Le 11/01/2024 à 15h00. Magazine ça m'intéresse


Une équipe de l’Inserm suspecte le nerf vague, qui relie le cerveau aux intestins, de jouer un rôle dans le développement de la dépression.

C’est le nerf le plus étendu de l’organisme. Le nerf vague part du cerveau et le lie à plusieurs organes dont ceux du système digestif. Des chercheurs pensent qu’il pourrait jouer un rôle dans la dépression, en liant la maladie psychique avec le microbiote intestinal.

Diverses études ont montré que la dépression est liée à la composition de la flore intestinale. Premièrement, les personnes dépressives présentent un microbiote altéré, c’est-à-dire avec un déficit ou un excès de mauvaises bactéries. Deuxièmement, si l’on transfère le microbiote d’un individu en dépression à un être sain, celui-ci développe la même maladie. Ce qui confirme le lien de causalité. Mais les scientifiques n’arrivent pas encore à bien comprendre ce qu’il se passe dans ces organismes, et pourquoi les mauvaises bactéries arrivent à créer un état dépressif.

Les bactéries impactent le nerf vague

Dans un article scientifique publié en mai 2023, une équipe de l’Inserm a étudié une piste : le nerf vague. Ce dernier “relie le cerveau à différents organes dont le système digestif et constitue ainsi un lien anatomique direct entre les deux, explique Eleni Siopi, première auteure de ces travaux, dans un récent communiqué. “En outre, des bactéries intestinales sont retrouvées à proximité de ce nerf et impactent son activité.

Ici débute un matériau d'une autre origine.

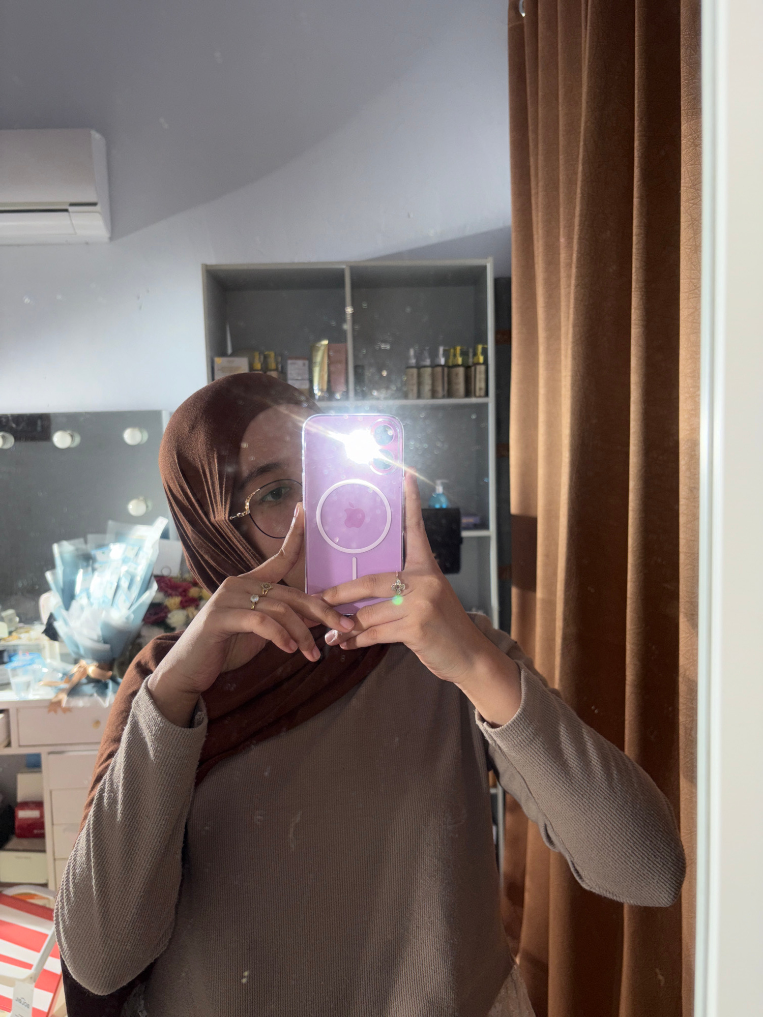 A person wearing a brown hijab, eyeglasses, and a gray top is taking a mirror selfie with a purple phone. The reflection in the mirror shows a room with a brown curtain, a shelf with various items, anβ¦read more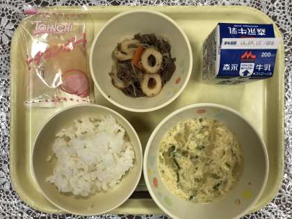 9月3日(月)の給食献立は、かきたま汁、牛肉のあまから煮、ごはん、冷凍もも、牛乳でした。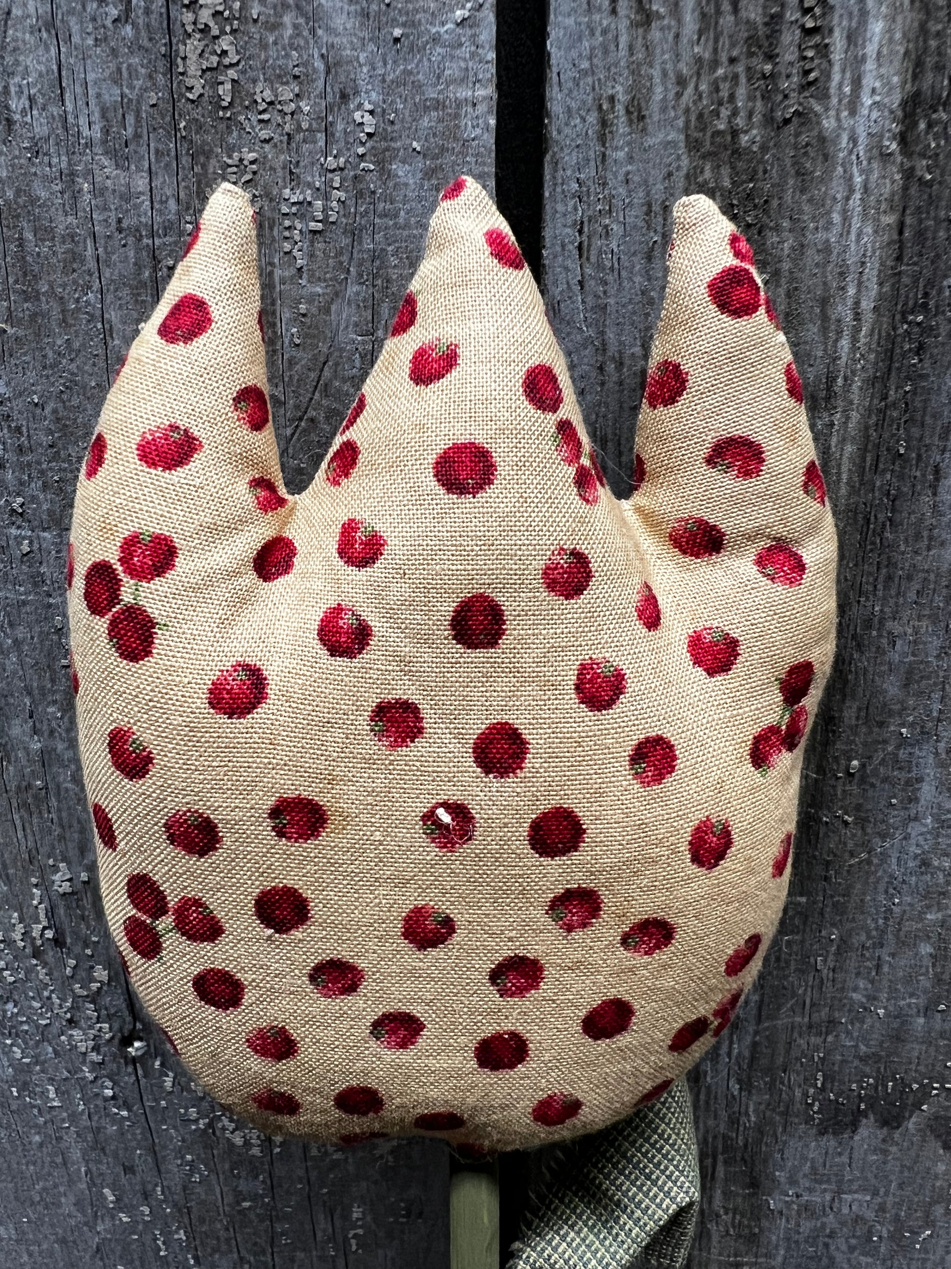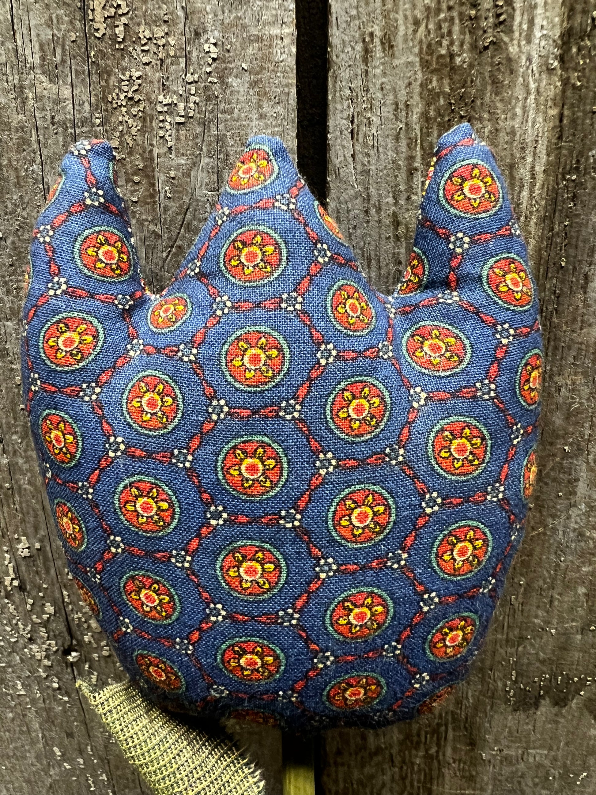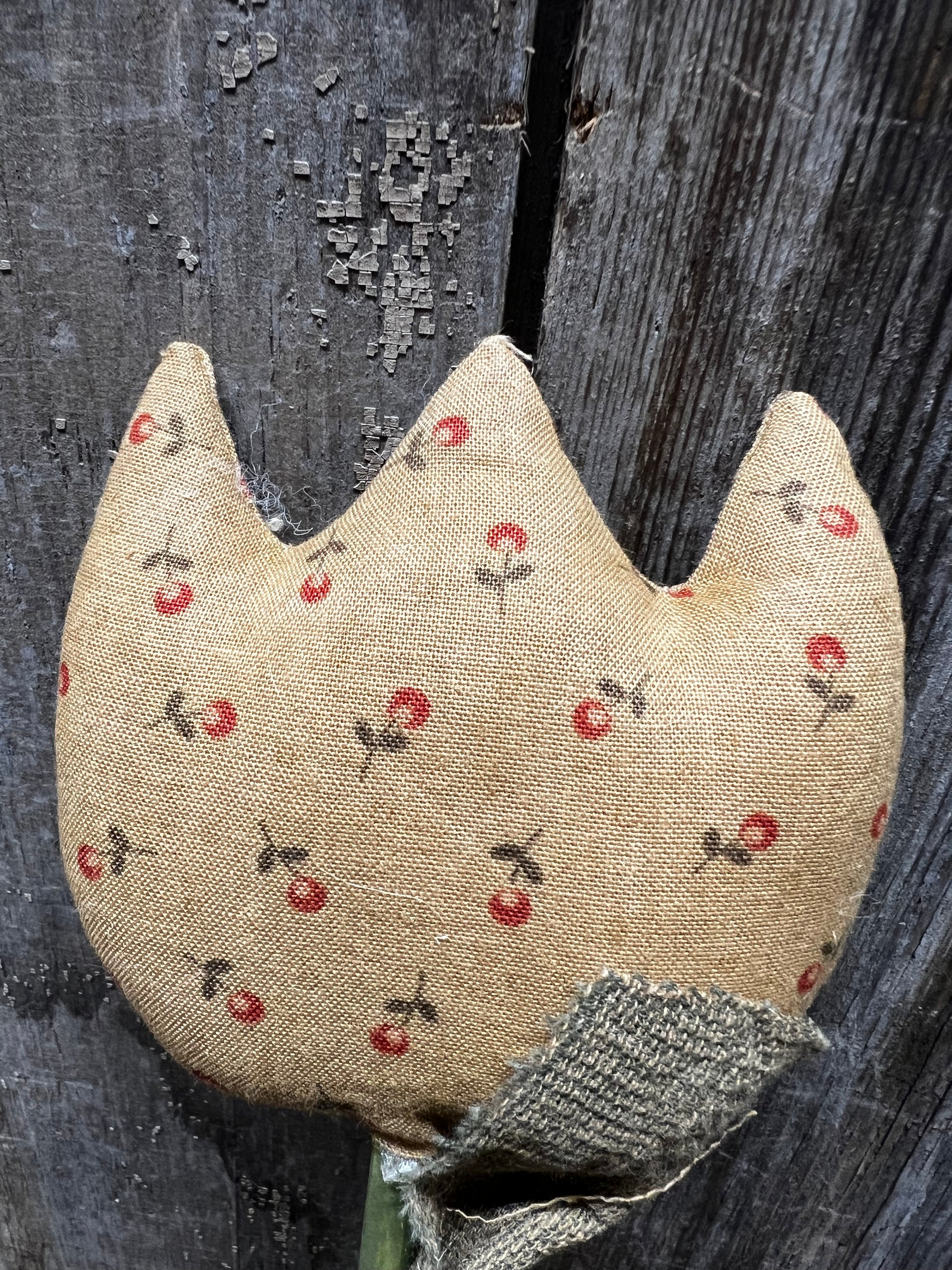 Lovely fabric patterns make beautiful tulips. Hand made in PA, Tulip sizes are 3.5" to 4" high and the "stem" sticks vary in length from 8.5" to 10". Sold by the pattern and not size, we will choose a selection of various sizes. Not all sizes shown.

Et ce nerf est relié à des régions cérébrales impliquées dans la gestion des émotions.”

Les chercheurs ont testé cette hypothèse sur des souris en bonne santé. Certaines avaient un nerf vague intact, d’autres en avaient un sectionné au niveau de l’abdomen. Ce qu’ont fait les scientifiques est simple : ils ont transféré un microbiote altéré issu d’organismes qui souffraient de dépression aux rongeurs des deux groupes. “Cette procédure de transfert est courante en laboratoire pour induire une dépression chez les animaux receveurs. Cela se traduit par une perte d’intérêt, de curiosité, de motivation, ou encore une apathie lors d’exercices simples”, précise l’auteure.

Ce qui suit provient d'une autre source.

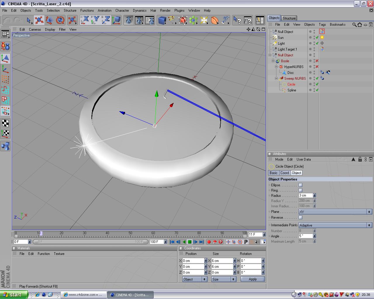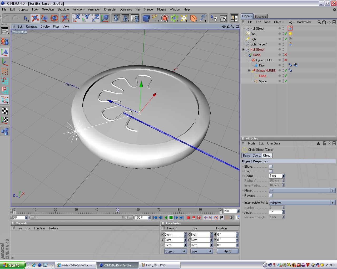 Avrei fatto facendo una sweep nurbs con la figura (spline) che voglio incidere eppoi metterla in booleana con la medaglia. Per simulare il laser ho messo una luce, il cui target ho associato alla figura (spline) con il tag "allinea a spline".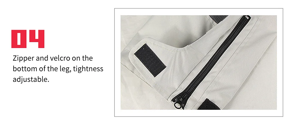Характеристики продукта: 1. Липучка на талии, размер талии регулируется. 2. Боковой карман удобен для размещения предметов. 3. Съемный наколенник может защитить колени во время езды. 4. Легкие штаны и свободный дизайн, удобные во время езды. 5. Ноги на молнии с липучкой легко носить и снимать. 6. Икры и талия на липучке для удобной регулировки плотности. * 7. Летние брюки со съемной водонепроницаемой подкладкой. * 8. Зимние брюки изготовлены из водонепроницаемой подкладки и со съемной термоподкладкой.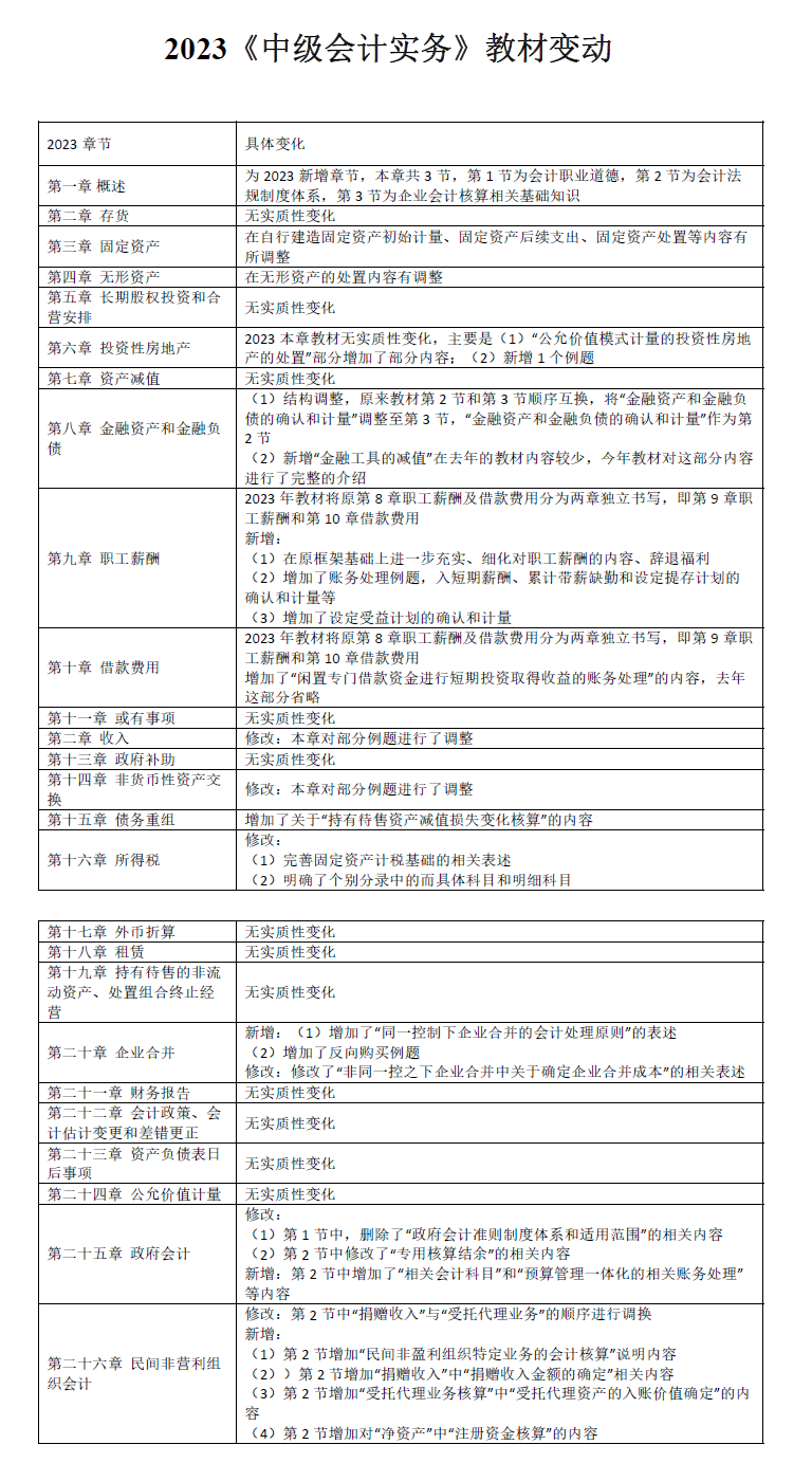 2023年中級會(huì)計(jì)考試官方教材已經(jīng)發(fā)行,今年新教材又有新變化,除《中級會(huì)計(jì)實(shí)務(wù)》官方教材變化較大外,其余兩科總體變動(dòng)不是很大,中級會(huì)計(jì)職稱教材各科目具體變化如下: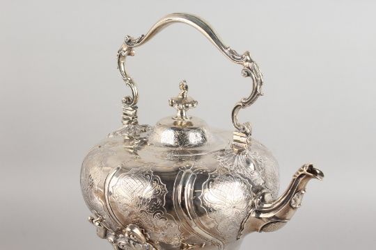 A SUPERB PAUL STORR GEORGE III SILVER TEA KETTLE, STAND AND BURNER.

Résultats : les souris ayant un nerf vague intact ont présenté ces symptômes dépressifs, tandis que celles avec un nerf sectionné sont restées en bonne santé mentale.

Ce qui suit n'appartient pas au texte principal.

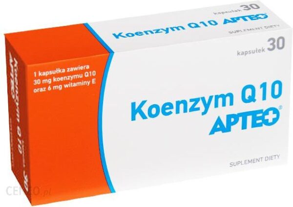 Koenzym Q10 to substancja witaminopodobna, wyizolowana w 1957 roku przez dr Fredericka Crane’a z mitochondrium komórek serca wołu. Koenzym Q10nazywany jest „cudowną witaminą”, gdyż przedłuża życie komórek. Najwięcej koenzymu Q10 znajduje się w komórkach zużywających dużo energii, a więc przede wszystkim w mięśniu sercowym. Koenzym Q10 uczestniczy we wszystkich procesach dostarczających organizmowi energii, utrzymuje sprawny układ odpornościowy, sprzyja utrzymaniu prawidłowego ciśnienia tętniczego i wydolności serca oraz opóźnia proces starzenia. Koenzym Q10 posiada również właściwości przeciwutleniające, dzięki czemu wspomaga ochronę organizmu przed szkodliwym działaniem wolnych rodników. Wyniki badań naukowych potwierdzają, że z wiekiem przy nadmiernym obciążeniu psychofizycznym dochodzi do znacznego obniżenia poziomu koenzymu Q10. Wtedy zalecane jest jego systematyczne uzupełnianie. Wskazania: Jako systematyczne uzupełnianie koenzymu Q10, przy nadmiernym obciążeniu psychofizycznym, pomocniczo w schorzeniach układu krążenia. zalecany jako uzupełnienie diety w otyłości, cukrzycy, parodontozie, zespole przewlekłego zmęczenia, dla sportowców wyczynowych, osób starszych. Dawkowanie: Doustnie. Koenzym Q 30 mg: 1-2 kapsułki dziennie. Preparat zaleca się przyjmować po posiłku. Suplement diety nie może być stosowany jako substytut zróżnicowanej diety. Nie należy przekraczać zalecanej do spożycia porcji w ciągu dnia. Przed zastosowaniem suplementu diety należy sprawdzić datę ważności podaną na opakowaniu (etykiecie). Nie należy go stosować po terminie ważności. Przechowuj preparat w miejscu niedostępnym i niewidocznym dla dzieci, zgodnie z wymogami producenta. Skład: Koenzym Q10 30 mg Witamina E 6 mg. Opakowanie : 30 kapsułek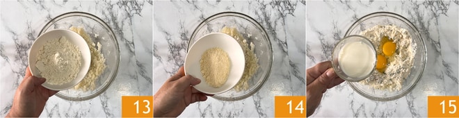 Adicione a farinha 13, o queijo ralado 14 e o fermento e misture. Incorpore também os ovos e o leite 15.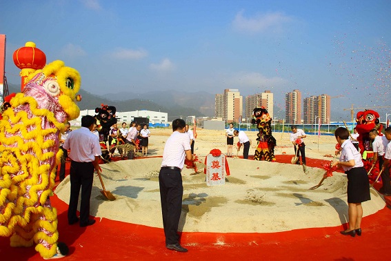 8點30分,奠基儀式正式開始。翔順餐廚具公司總經理鄺玉首先為整個項目作詳細介紹;緊接著,縣政府及集團公司、餐廚具公司相關領導為醒獅點睛,并為給奠基石培土。整個活動流程順暢而精彩,莊重而喜慶。

“L’effet est très significatif puisque la totalité des animaux concernés a été protégée de la maladie. La vagotomie (section du nerf vague, ndlr) a provoqué un découplage de l’intestin et du cerveau qui a suffi à préserver les sujets de l’état dépressif provoqué par" un déséquilibre intestinal, présente-t-elle.

Stimuler le nerf vague, le traitement de demain ?

Ces résultats permettent d’en savoir plus sur ce lien entre microbiote et dépression, mais surtout ils pourraient ouvrir quelques pistes de réflexion sur de futurs traitements. La maladie est actuellement mal soignée par les traitements actuels : environ 30% des patients ne répondent pas de manière satisfaisante aux inhibiteurs de recapture de la sérotonine, et souffrent de dépression résistante.

L’idée serait de proposer, en parallèle des traitements, des thérapies de stimulation du nerf vague avec de la méditation ou des massages, conclut la scientifique.